He was the eldest son of Marcus Junius Silanus Torquatus and Aemilia Lepida.
Although Tacitus exonerates Nero of Silanus' death, the 'first crime of the new principate,' the historian casts Agrippina, Nero's mother, as the architect of the murder, on the grounds that she feared that Silanus would avenge his brother's death, of which she was the perpetrator.
[3] As with Claudius, poison was the means to Silanus' end; the epitomator of Dio Cassius' Roman History tells us that Agrippina sent Silanus the same poison which she gave her late husband;[4] and Tacitus informs us that the lethal drug was administered by a Roman of the Equestrian class named Publius Celerius, with the aid of a freedman named Helius.

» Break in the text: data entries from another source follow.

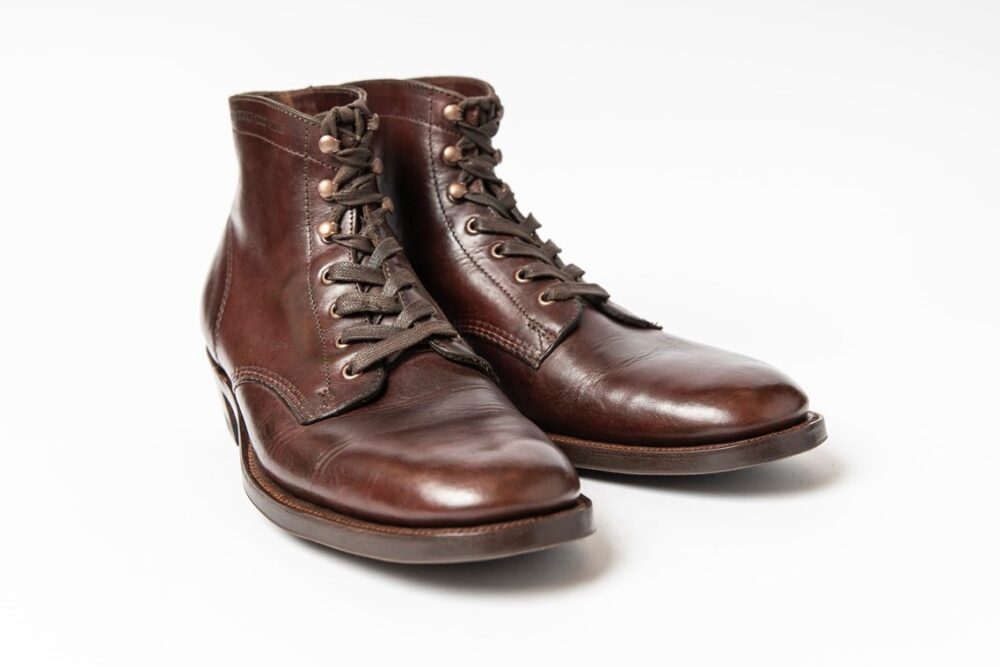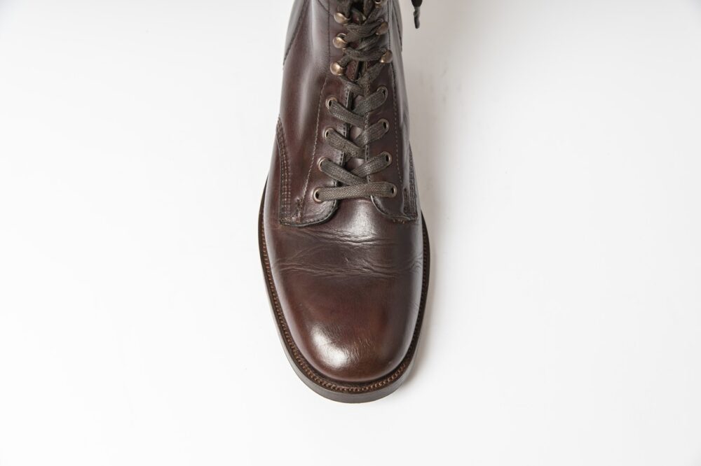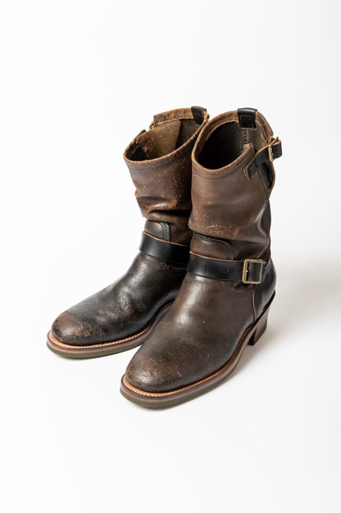 これはウルヴァリンの名作1000マイルブーツをクリンチのオリジナルであるナローラストでリラストしたもの。海外からのオーダーで、本来のラストが足に合わなかったそう。こちらはオールソール交換時しかできないのでご注意を。5万1700円
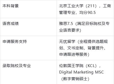 在商科赛道愈发内卷、数字营销成为热门风口的当下,精准选题成为决定英硕留学申请成败的核心关键。北京工业大学工商管理专业的Y同学,以均分90.5、雅思7.5的亮眼背景,在无忧留学的全程助力下,成功斩获伦敦国王学院(KCL)Digital Marketing MSC录取,为211学子冲击英国顶尖商科项目提供了可复制的成功范本。本文将从Y同学的申请案例切入,深度复盘 25fall 英国硕士申请选题逻辑,揭秘无忧留学如何依托专业服务,帮助学生实现背景优势与目标专业的精准匹配。
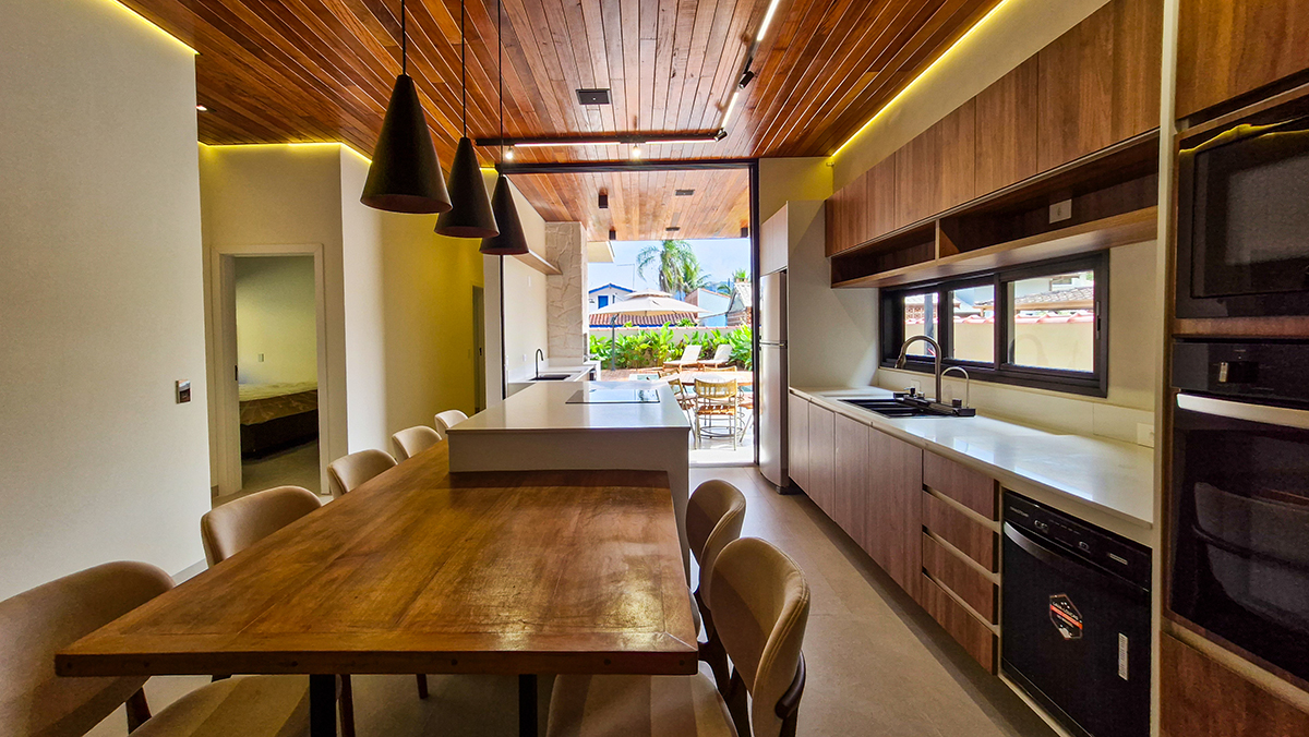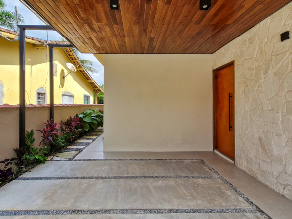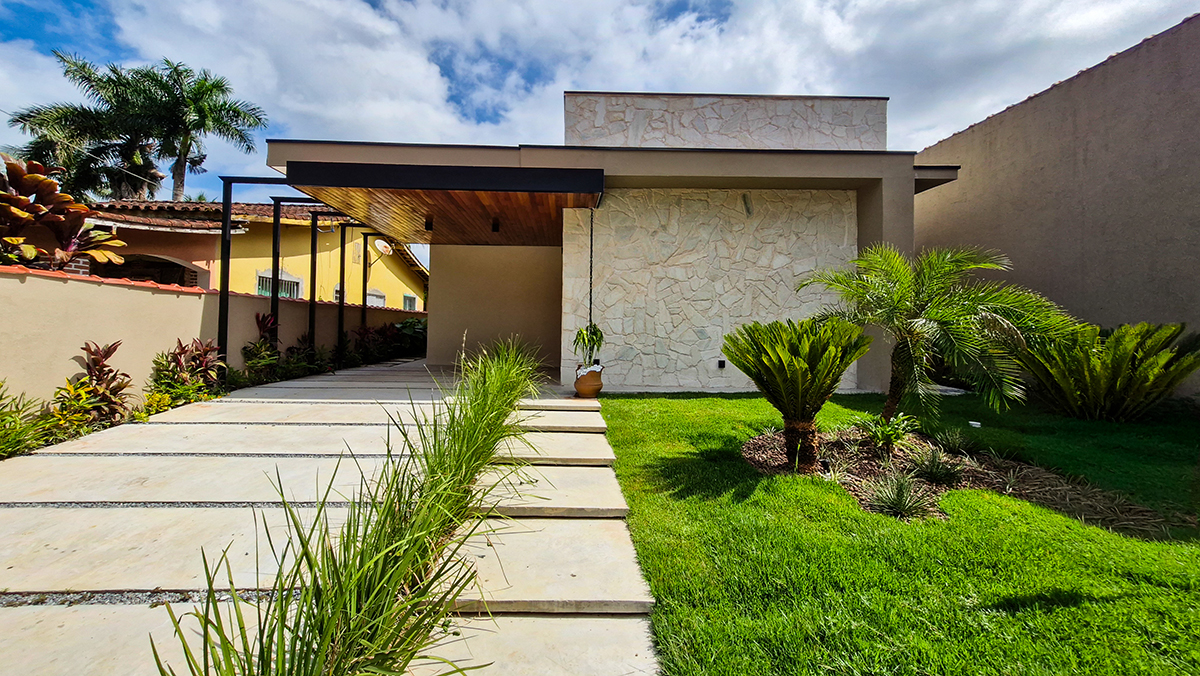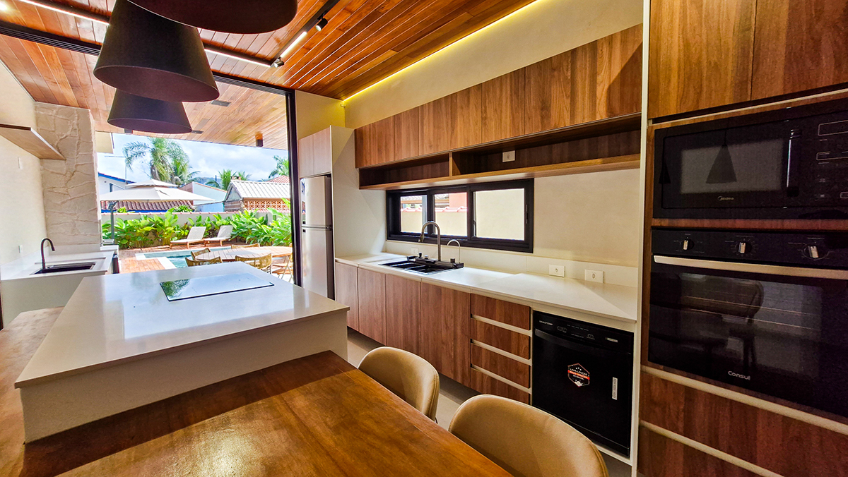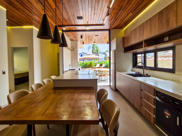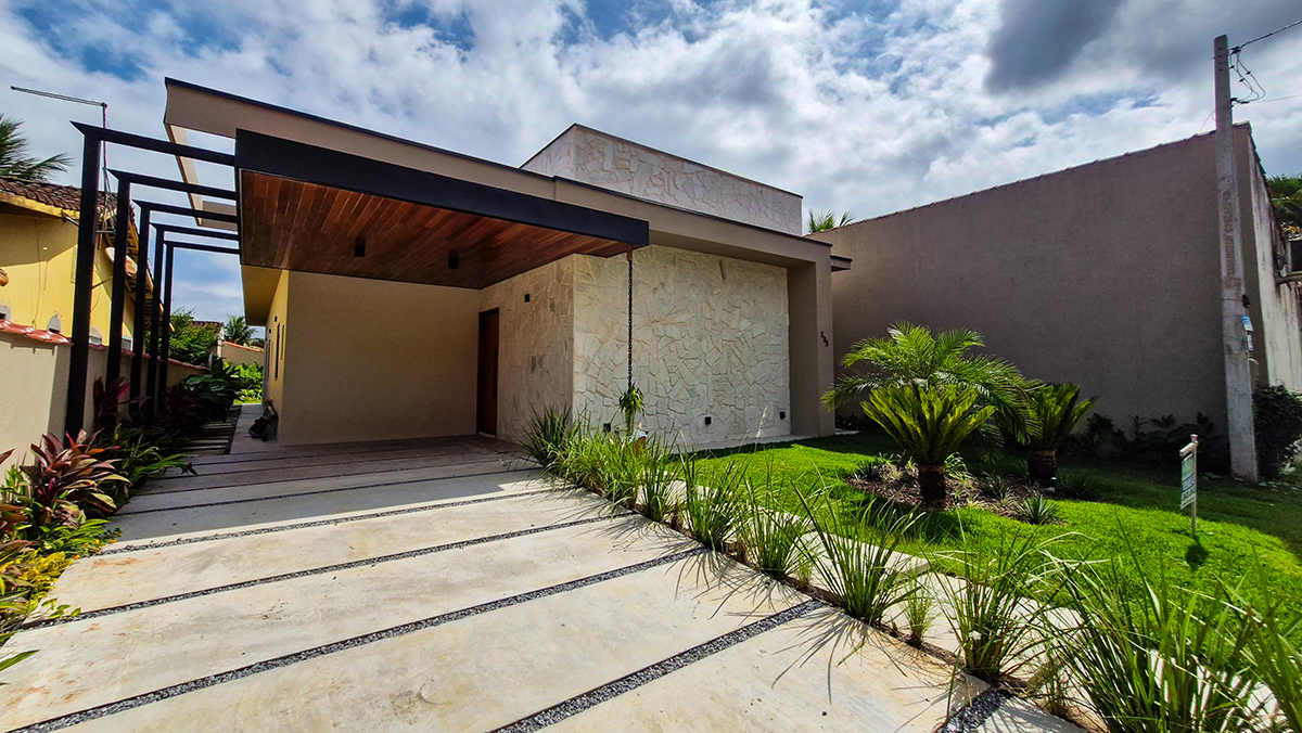 Internamente, o imóvel conta com 3 suítes confortáveis, lavabo, lavanderia e hobby box, além de marcenaria planejada e acabamentos de alto padrão — com destaque para os 70m² de pedra natural Atacama aplicados na fachada e área gourmet, e o uso de madeira garapeira em todo o forro e deck, reforçando o conceito sofisticado com identidade praiana.

[5] Silanus' son, Lucius Junius Silanus Torquatus, whom Tacitus calls a young man of moderation (modesta iuventa),[6] was considered a threat on similar grounds as his father had been, and informers soon invented a conspiracy implicating him and his aunt Junia Lepida on charges of magic rites and incest.
Young Silanus, however, did not open his veins, when invited to do so; he went down fighting with his fists, and Tacitus notes that the centurion was forced to run him through with his sword; his fatal wound, according to the historian, was in front.